=== Exercise aim ===
Apart from the pictures, every part of the records below gets retyped exactly.

=== Study material ===
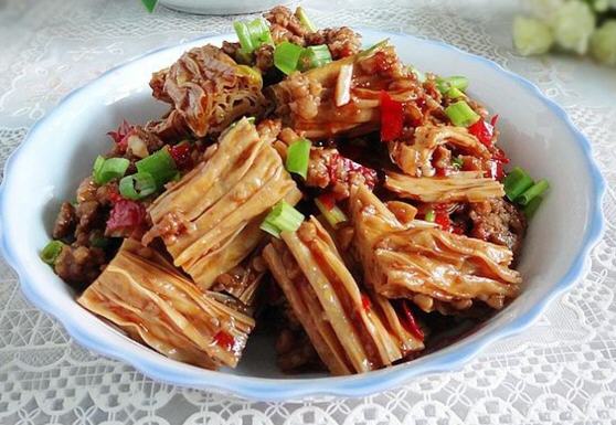 肉末剁椒腐竹介绍:这道肉末剁椒腐竹是将腐竹和肉末、剁椒搭配在一起炒制而成的一道菜肴,腐竹吸收了肉末的鲜美和油脂、剁椒的咸辣有味,吃起来非常的惹人喜爱。 肉末剁椒腐竹的做法请看下面地铺行网的讲解。
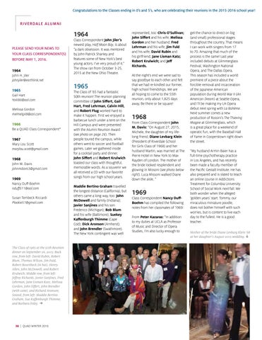 Class Correspondent Nancy DuffBoehm has compiled the following notes from her classmates of 1969: From Peter Kazaras: “In addition to my duties at UCLA as Professor of Music and Director of Opera Studies, I’m also lucky enough to
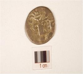 | Description / विवरण | A round shaped silver coin, figure of animal on obverse side and indeterminate image on surface side, tarnished surface. |
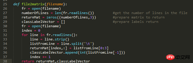 图1是学习到机器学习实战2.2.1节时,knn.py中需要的所有代码。图二是要处理的数据集合,可以看到有4列,行数很多。我的疑问是图三中33行与34行代码,既然用strip函数处理了每行的数据,那每行的空格和分行符都被去掉了,我认为经过33行代码处理后,第一行就变成了409208.3269760.9539523这个样子,这个样子的话split没办法进行划分啊?split是为了将每行中每一列的数据进行分组,保存到列表里,但是为什么不直接用split()去分?即用空格去分。给的数据每行没有制表符/t,为什么要用/t去分?
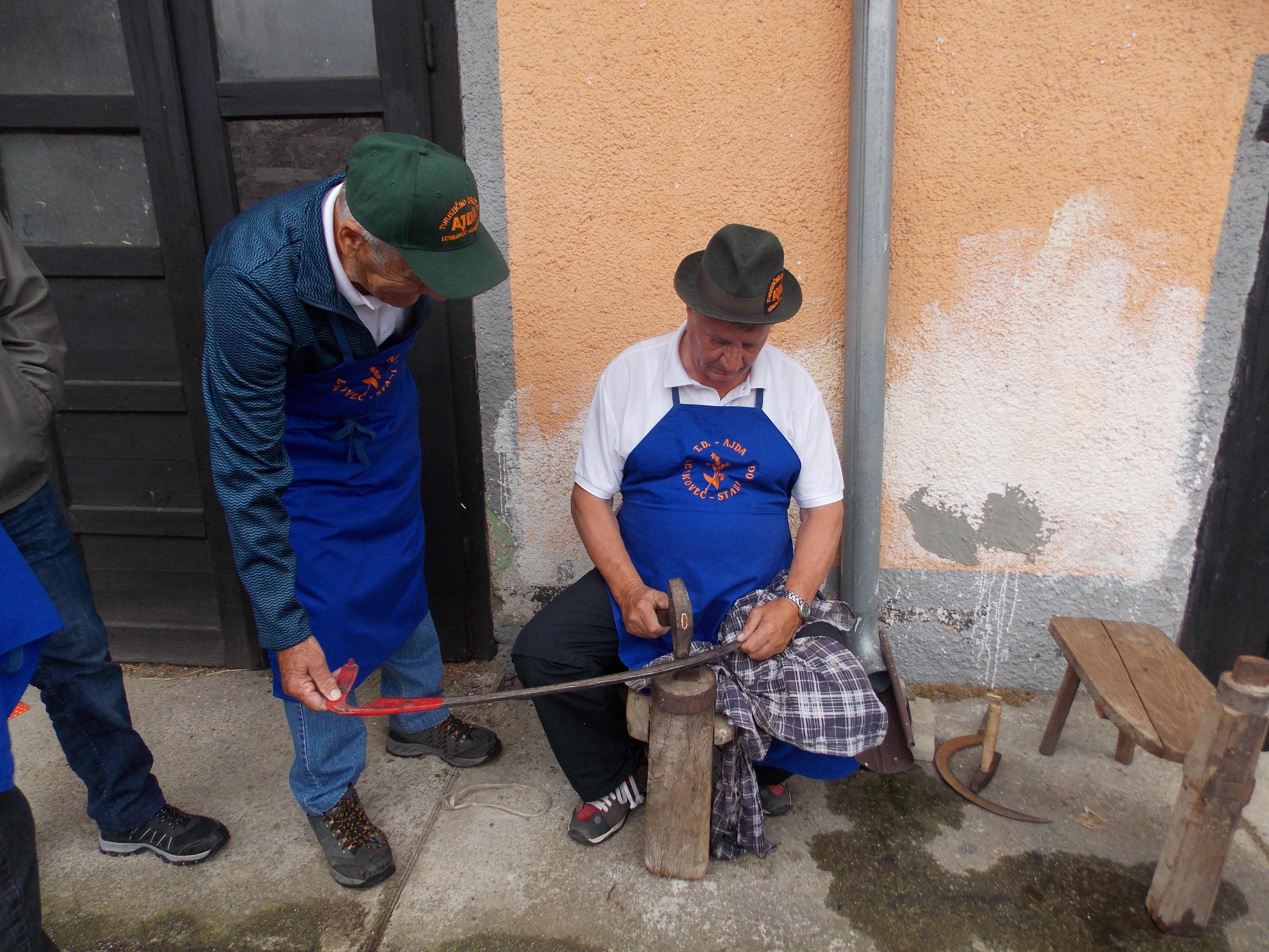 Vmes je bilo potrebno še sklepati kose in nabrusiti srpe, da je bilo delo lažje.

=== Reply to the task ===
 肉末剁椒腐竹介绍:这道肉末剁椒腐竹是将腐竹和肉末、剁椒搭配在一起炒制而成的一道菜肴,腐竹吸收了肉末的鲜美和油脂、剁椒的咸辣有味,吃起来非常的惹人喜爱。 肉末剁椒腐竹的做法请看下面地铺行网的讲解。
 Class Correspondent Nancy DuffBoehm has compiled the following notes from her classmates of 1969: From Peter Kazaras: “In addition to my duties at UCLA as Professor of Music and Director of Opera Studies, I’m also lucky enough to
 | Description / विवरण | A round shaped silver coin, figure of animal on obverse side and indeterminate image on surface side, tarnished surface. |
 图1是学习到机器学习实战2.2.1节时,knn.py中需要的所有代码。图二是要处理的数据集合,可以看到有4列,行数很多。我的疑问是图三中33行与34行代码,既然用strip函数处理了每行的数据,那每行的空格和分行符都被去掉了,我认为经过33行代码处理后,第一行就变成了409208.3269760.9539523这个样子,这个样子的话split没办法进行划分啊?split是为了将每行中每一列的数据进行分组,保存到列表里,但是为什么不直接用split()去分?即用空格去分。给的数据每行没有制表符/t,为什么要用/t去分?
 Vmes je bilo potrebno še sklepati kose in nabrusiti srpe, da je bilo delo lažje.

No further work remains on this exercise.